2023-07-02 23:35:03,348 INFO autoscaler.py:1304 -- Creating new (spawn_updater) updater thread for node 192.168.123.19.
2023-07-02 23:35:03,348 INFO autoscaler.py:1304 -- Creating new (spawn_updater) updater thread for node 192.168.123.20.

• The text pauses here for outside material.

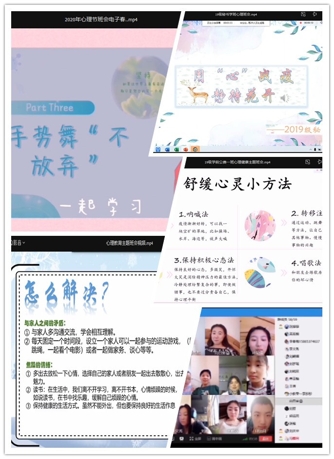心理健康教育主题班会大赛:围绕“珍爱生命”、“共同抗疫”、“呵护心灵”三个关键词,各系(院)以班级为单位开展。各班级根据专业特点,通过心理小游戏、视频播放、手势舞、主题分享和主题宣讲等方式进行,互动性强,不拘泥于传统班会。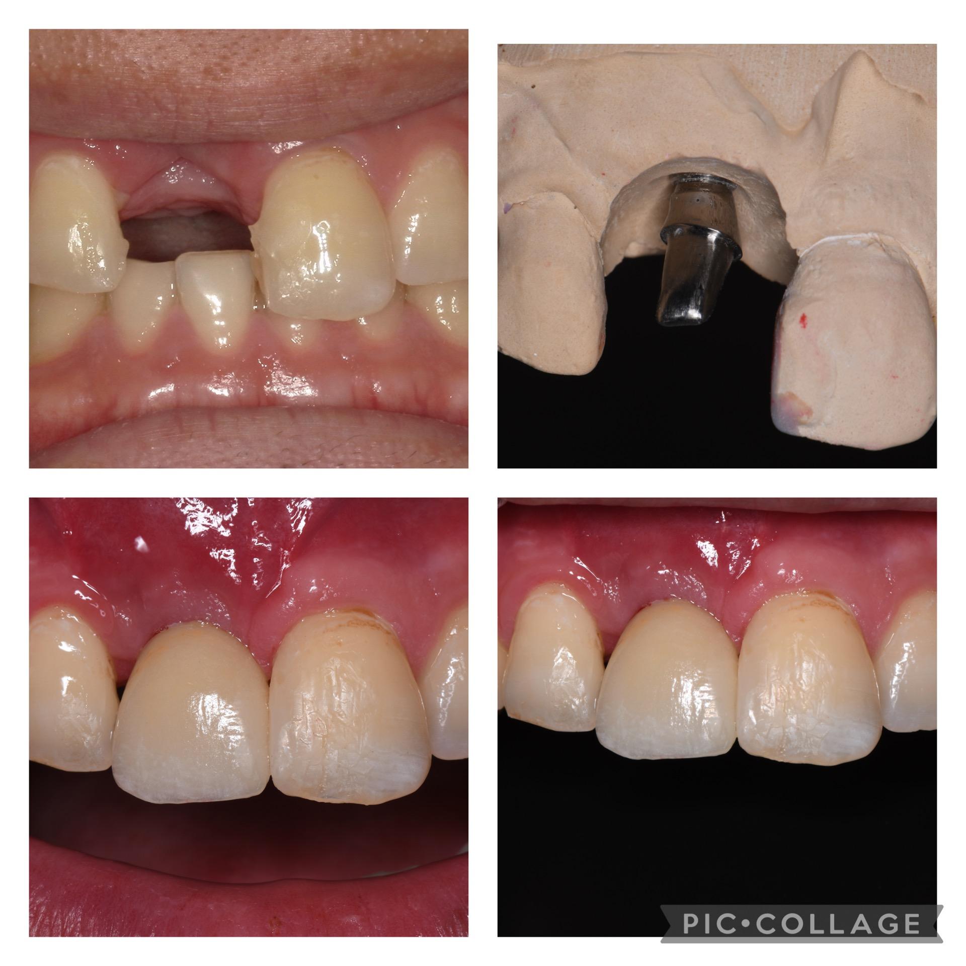 インプラント埋入後デジタル上でチタンの土台を作りセラミックの前歯を作りました。

However, with ray==2.5.0 however,
The ray command fails with following error.
Error
root@worker1:~# ray start
Traceback (most recent call last):
File "/usr/local/bin/ray", line 5, in <module>
from ray.scripts.scripts import main
File "/usr/local/lib/python3.8/dist-packages/ray/scripts/scripts.py", line 2430, in <module>
from ray.util.state.state_cli import (
File "/usr/local/lib/python3.8/dist-packages/ray/util/state/__init__.py", line 1, in <module>
from ray.util.state.api import (
File "/usr/local/lib/python3.8/dist-packages/ray/util/state/api.py", line 17, in <module>
from ray.util.state.common import (
File "/usr/local/lib/python3.8/dist-packages/ray/util/state/common.py", line 120, in <module>
@dataclass(init=True)
File "/usr/local/lib/python3.8/dist-packages/pydantic/dataclasses.py", line 139, in dataclass
assert init is False, 'pydantic.dataclasses.dataclass only supports init=False'
AssertionError: pydantic.dataclasses.dataclass only supports init=False
Any suggestion regarding this issue would be helpful.